:: The data ::
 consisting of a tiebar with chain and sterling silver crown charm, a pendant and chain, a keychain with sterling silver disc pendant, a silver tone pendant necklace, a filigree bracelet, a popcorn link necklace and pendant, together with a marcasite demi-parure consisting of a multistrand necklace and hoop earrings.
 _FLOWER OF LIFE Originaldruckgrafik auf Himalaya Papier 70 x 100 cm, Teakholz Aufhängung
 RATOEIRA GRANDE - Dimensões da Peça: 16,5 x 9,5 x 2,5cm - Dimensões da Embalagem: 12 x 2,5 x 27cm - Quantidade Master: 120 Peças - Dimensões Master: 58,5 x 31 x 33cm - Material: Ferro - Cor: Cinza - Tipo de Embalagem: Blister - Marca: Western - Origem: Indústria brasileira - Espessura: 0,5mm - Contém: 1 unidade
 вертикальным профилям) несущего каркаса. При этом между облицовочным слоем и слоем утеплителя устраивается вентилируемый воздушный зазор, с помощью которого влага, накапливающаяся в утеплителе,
* * *
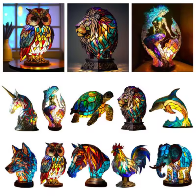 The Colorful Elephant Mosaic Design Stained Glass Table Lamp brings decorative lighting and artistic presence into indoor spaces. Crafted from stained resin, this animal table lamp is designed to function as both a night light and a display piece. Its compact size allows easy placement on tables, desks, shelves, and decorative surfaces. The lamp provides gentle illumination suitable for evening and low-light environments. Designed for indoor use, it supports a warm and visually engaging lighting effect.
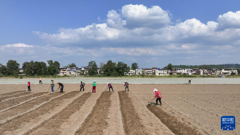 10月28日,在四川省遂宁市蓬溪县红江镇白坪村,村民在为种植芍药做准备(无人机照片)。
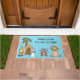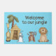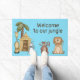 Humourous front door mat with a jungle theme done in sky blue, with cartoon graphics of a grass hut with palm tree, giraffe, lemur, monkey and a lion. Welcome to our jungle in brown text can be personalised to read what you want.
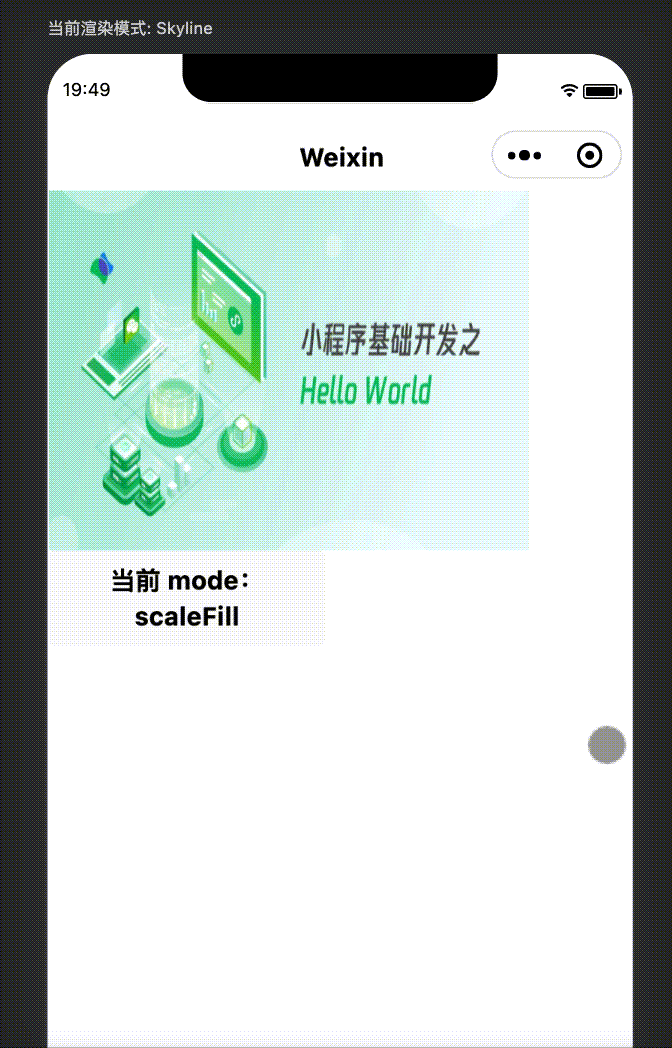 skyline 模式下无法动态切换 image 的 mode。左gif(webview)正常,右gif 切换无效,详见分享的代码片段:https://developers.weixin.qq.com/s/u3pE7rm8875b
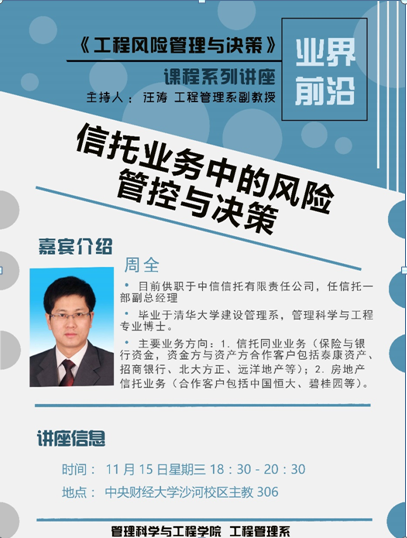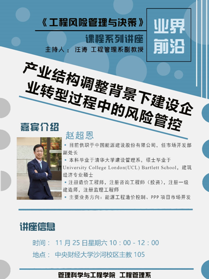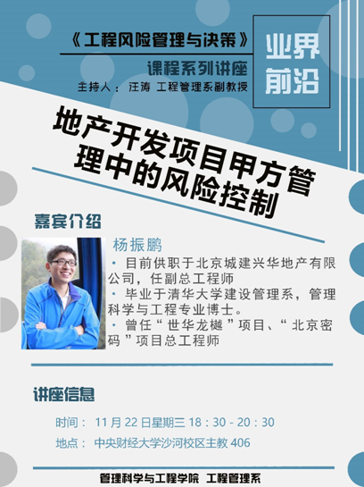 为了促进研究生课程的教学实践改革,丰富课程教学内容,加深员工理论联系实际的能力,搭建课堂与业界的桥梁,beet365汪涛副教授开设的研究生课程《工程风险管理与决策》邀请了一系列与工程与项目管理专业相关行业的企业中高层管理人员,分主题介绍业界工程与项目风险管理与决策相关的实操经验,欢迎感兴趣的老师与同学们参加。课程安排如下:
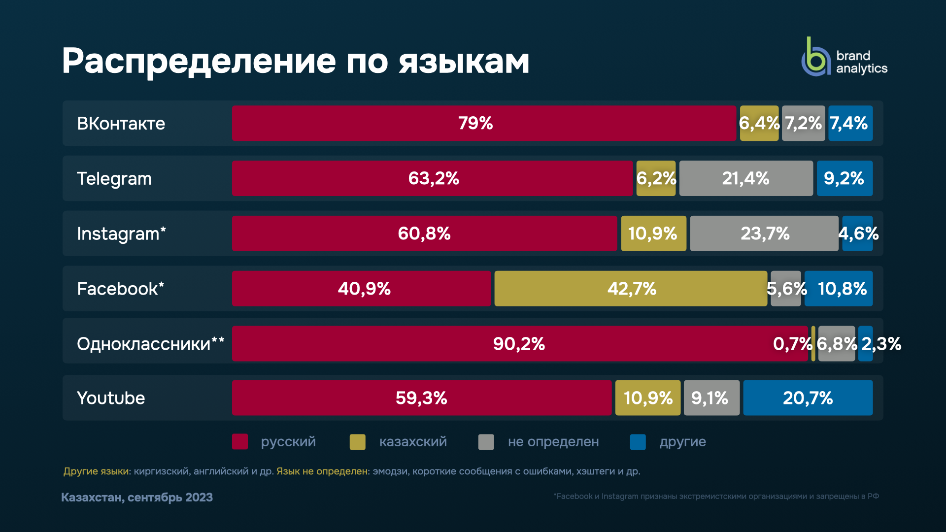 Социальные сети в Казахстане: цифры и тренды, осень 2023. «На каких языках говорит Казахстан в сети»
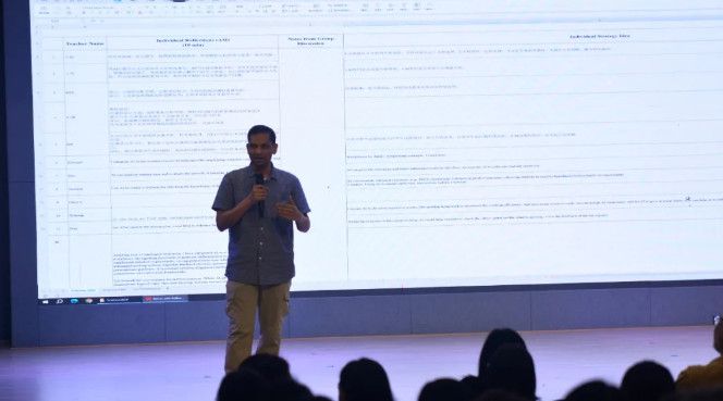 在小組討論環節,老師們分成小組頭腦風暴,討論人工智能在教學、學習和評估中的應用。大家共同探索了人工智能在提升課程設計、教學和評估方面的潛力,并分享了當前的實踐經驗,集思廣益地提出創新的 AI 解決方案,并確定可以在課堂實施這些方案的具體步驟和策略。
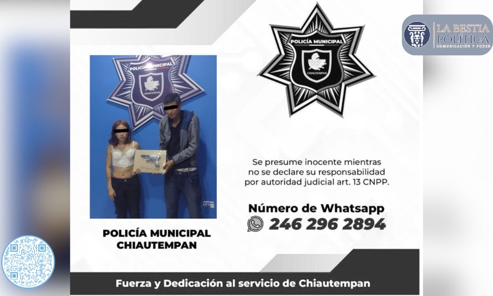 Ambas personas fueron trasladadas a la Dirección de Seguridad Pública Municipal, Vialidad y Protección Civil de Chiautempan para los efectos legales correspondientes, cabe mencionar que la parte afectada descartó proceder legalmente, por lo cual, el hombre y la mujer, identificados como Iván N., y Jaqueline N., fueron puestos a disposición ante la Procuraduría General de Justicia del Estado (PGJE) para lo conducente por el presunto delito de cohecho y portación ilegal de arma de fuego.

:: Your objective ::
Looking at the records above, return exactly the lines from the line with "cm, Teakholz Aufhängung" to the line with "вертикальным профилям) несущего", both ends included.

:: Task solution ::
 _FLOWER OF LIFE Originaldruckgrafik auf Himalaya Papier 70 x 100 cm, Teakholz Aufhängung
 RATOEIRA GRANDE - Dimensões da Peça: 16,5 x 9,5 x 2,5cm - Dimensões da Embalagem: 12 x 2,5 x 27cm - Quantidade Master: 120 Peças - Dimensões Master: 58,5 x 31 x 33cm - Material: Ferro - Cor: Cinza - Tipo de Embalagem: Blister - Marca: Western - Origem: Indústria brasileira - Espessura: 0,5mm - Contém: 1 unidade
 вертикальным профилям) несущего каркаса. При этом между облицовочным слоем и слоем утеплителя устраивается вентилируемый воздушный зазор, с помощью которого влага, накапливающаяся в утеплителе,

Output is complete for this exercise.